Since the effects of probiotics depend on the genera, species, and strain, it is essential to verify their identity, characterization, and safety. The main criteria for selecting a probiotic strain is its safety, which includes the verification of hemolytic activity, biogenic amine production, and antibiotic resistance, as well as its adhesion to the intestinal mucosa [8–10].
Probiotics are generally recognized as safe (GRAS) because of their long-term use in fermented foods and dairy products [11]. Although the efficacy of probiotics has been studied extensively, the adverse effects of probiotics have been documented. These include sepsis in cardio-surgical patients, anaphylactic reactions, systemic fungemia, and the risk of antibiotic resistance gene transfer to pathogenic bacteria [8]. Hence, the United Nations Food and Agriculture Organization (FAO) and World Health Organization (WHO) have suggested that it is important to perform a minimum safety assessment for potential hemolysis, toxin production, and antibiotic resistance before its use in humans [12].

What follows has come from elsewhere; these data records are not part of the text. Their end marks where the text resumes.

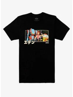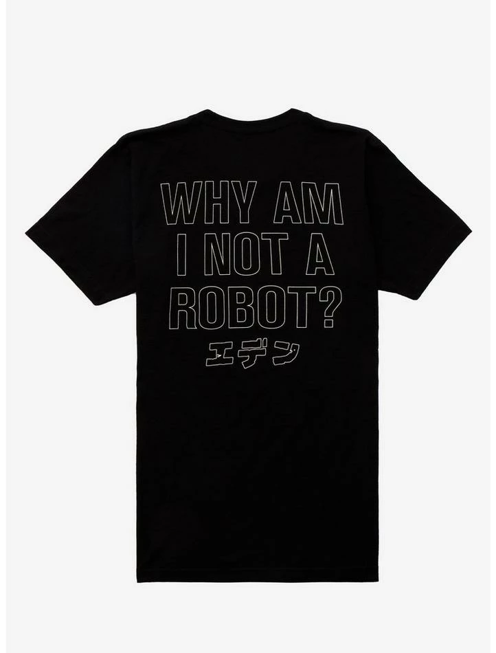 Ready for a world inhabited solely by robots? Grab this black tee from Eden featuring a trio character design.
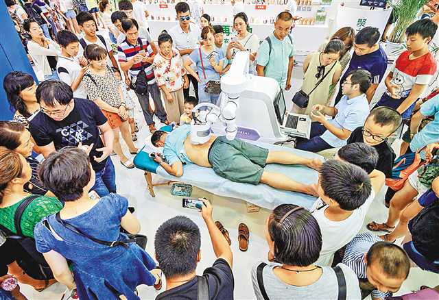 智博会重庆区县园区馆,EMMA人工智能按摩机器人正在为市民做腰部按摩。
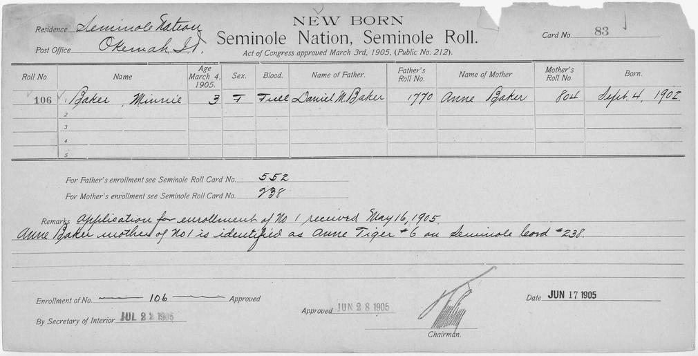 | Keywords: Enrollment for Seminole Census Card 83 - NARA - 267657.tif Scope and content Name Ahaluk Cochutna Type Parent Sex Male City of Residence tp Name Fous Harjo Type By Blood Age 40 Sex Male Degree Indian Blood Full Roll Number 292 City of Residence tp Name Takootska Harjo Type By Blood Age 40 Sex Female Degree Indian Blood Full Roll Number 293 City of Residence tp Name Temothle Harjo Type By Blood Age 14 Sex Female Degree Indian Blood Full Roll Number 294 City of Residence tp Name Tommy Tustenuggy Type Parent Sex Male City of Residence tp Name Minnie Baker Type Newborn Age 3 Sex Female Degree Indian Blood FULL Roll Number 106 Post Office Okemah Name Leathia Ann Doser Type Newborn Freedmen-Rejected Age 1 Sex Female Degree Indian Blood Not Reported Roll Number 90 Post Office Wewoka General notes 267657 Local identifier 75-53A-SEMINOLE 83 Department of the Interior Office of Indian Affairs Office of the Commissioner to the Five Civilized Tribes 1893 - 1914 NARA's Southwest Region Fort Worth NRFA 1400 John Burgess Drive Fort Worth TX 76140 Record group Record Group 75 Records of the Bureau of Indian Affairs 1793 - 1999 Record group ARC 404 Enrollment Cards compiled 1898 - 1914 Series ARC 251747 File unit File unit ARC Variant control numbers NAIL Control Number NRFF-75-53A-28387<br /> NAIL Control Number NRFF-75-53A-34342<br /> NAIL Control Number NRFF-75-53A-35098<br /> NAIL Control Number NRFF-75-53A-35110<br /> NAIL Control Number NRFF-75-53A-50218<br /> NAIL Control Number NRFF-75-53A-52643<br /> NAIL Control Number NRFF-75-53A-52930<br /> NAIL Control Number NRFF-75-53A-SEMINOLE 83 yes Other versions <gallery> File Enrollment_for_Seminole_Census_Card_83_-_NARA_-_267657 tif tif File Enrollment_for_Seminole_Census_Card_83_-_NARA_-_267657 jpg jpg </gallery> NARA-cooperation PD-USGov Cherokee census cards NARA TIF images with categorized JPGs |
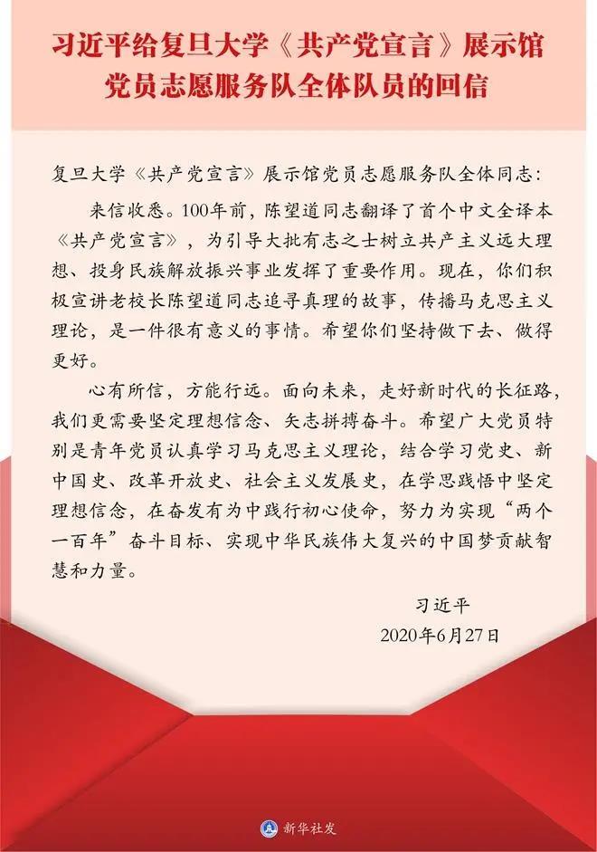 6月27日,习近平总书记给复旦大学《共产党宣言》展示馆党员志愿服务队全体队员回信,勉励他们继续讲好关于理想信念的故事,并对全国广大党员特别是青年党员提出殷切期望。厦大团委第一时间组织青年学子学习热议习近平给复旦大学青年师生党员的回信,大家表示将牢记总书记嘱托,坚定理想信念,矢志拼搏奋斗。
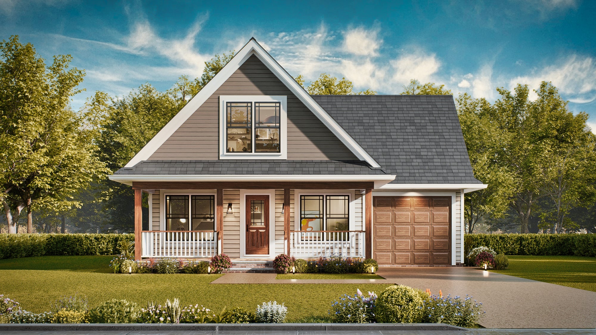 Upstairs, you'll find two clustered bedrooms and a shared bath, plus a 198 sq. ft. unfinished bonus/recreational room — perfect for a future playroom, office, or media space. With a front-load single-car garage (264 sq. ft.), stick-framed construction, and classic 2x4 siding, this home balances affordability with flexibility. Designed in a farmhouse-traditional style with a steep 12:12 roof pitch, it’s both timeless and functional, making it a great fit for growing families or downsizers wanting thoughtful space.
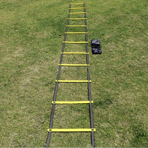 -. Feature : Adjustable flat plastic rungs for safety. Carry bag to keep it organized. / Durable nylon straps and high quality PP material, designed to last for years. / Suitable for athletic training, football, basketball, tennis, badminton, rugby ect. / It is also suitable for agility training of teenagers. / Folding design makes it suitable for indoor or outdoor.
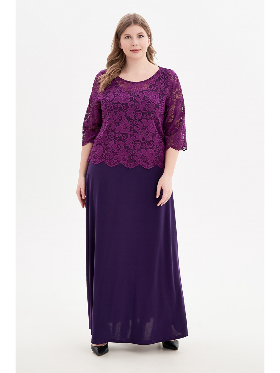Эффектное многослойное платье макси, выполненное в комбинации струящегося трикотажа-масло и гипюра. Верх изделия в виде кружевного болеро с ажурным низом и обшлагами рукавов 3/4; с круглым вырезом горловины, надетого на полуприлегающий сарафан с глубоким вырезом «подкова» спереди и сзади. Модель придает образу женственность и мягкость, зрительно удлиняет ноги, делает силуэт грациозным. Драпировка нижней части изделия скрадывает формы.
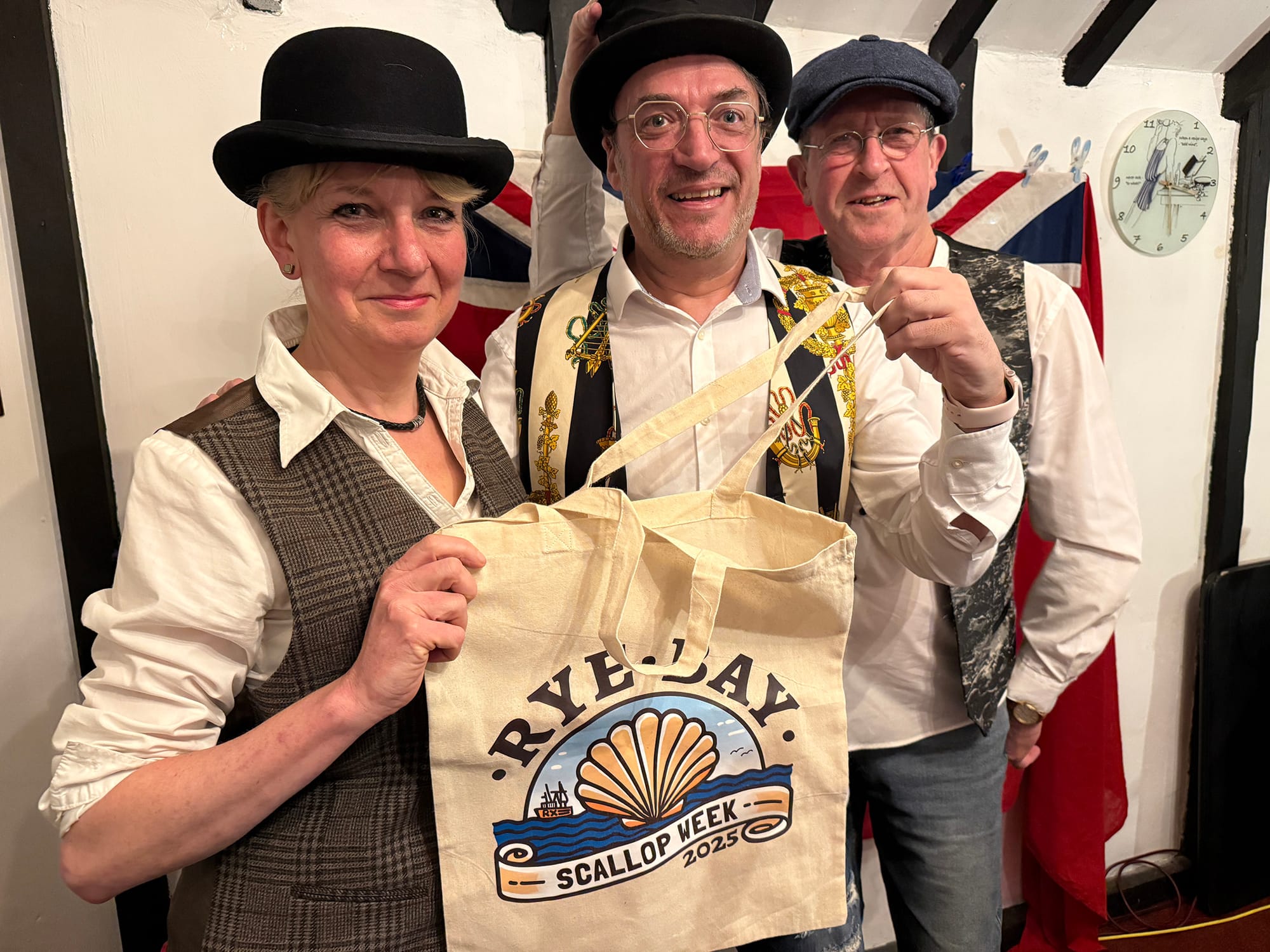 Later in the day Rye Bay Crew were singing energetically at the Queen’s Head. This event was accompanied by a beautifully prepared meal, starting with scallops, created by Sara. It was a sell-out.
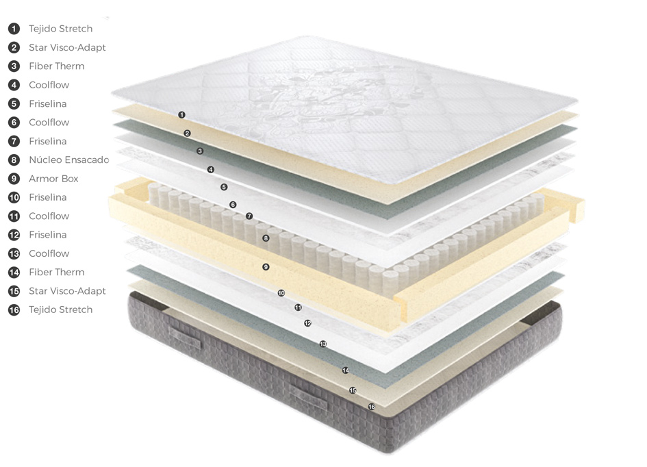 Al contar entre sus capas de acolchado con viscoelástica, este material con alto efecto memoria, se adapta al cuerpo, sin producir presión, relajando así los músculos y aportando un gran confort al descanso.
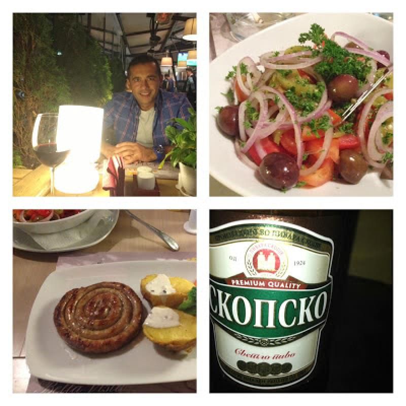 Akşam yemeğimizi Makedonların tarafında botanik bahçe konseptiyle dekore edilmiş bir restoranda, Bella Vista’da yiyoruz. Pirzola, salyangoz sosis ve Makedon salata oldukça başarılı.
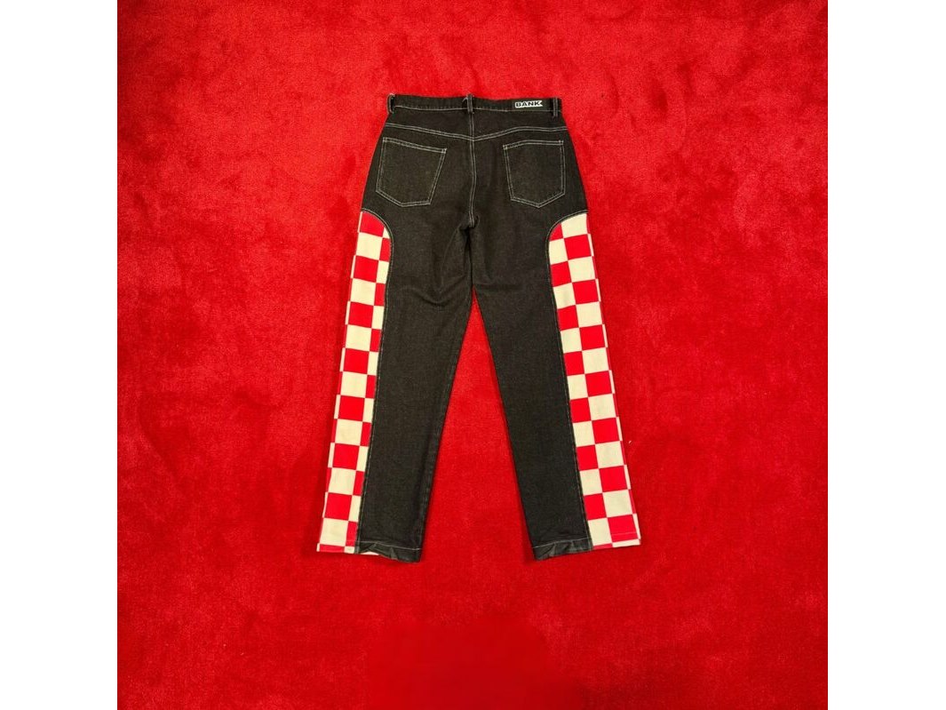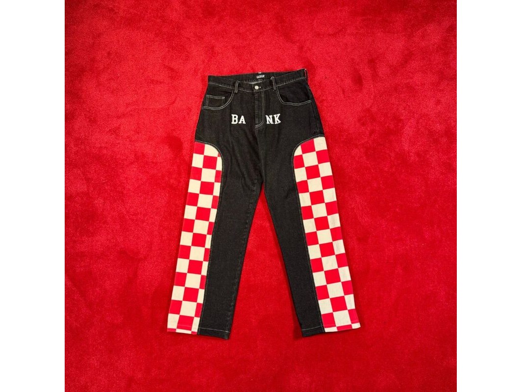 Merk: Bankzitters Product: Broek Kleur: zwart Materiaal: Jeans Afmeting: 30 Conditie: gebruikt Specificaties: Custom jeans met geblokte panneling

The mucus layer of the GI tract provides the first contact point between the intestinal microbiota and the host, creating a fluid environment. The GI tract is classified into the lower and upper GI tract, consisting of intestinal epithelial cells (IEC), including paneth cells and goblet cells [13]. Probiotics can regulate IEC function by various ways, including improving microbial colonization, enhancing tight junction (TJ) and mucin production, promoting antimicrobial peptide production, and modulating the immune response of the host. To confer health benefits, probiotics must interact sufficiently with the host by binding to the mucus layer of the GI tract [14–18].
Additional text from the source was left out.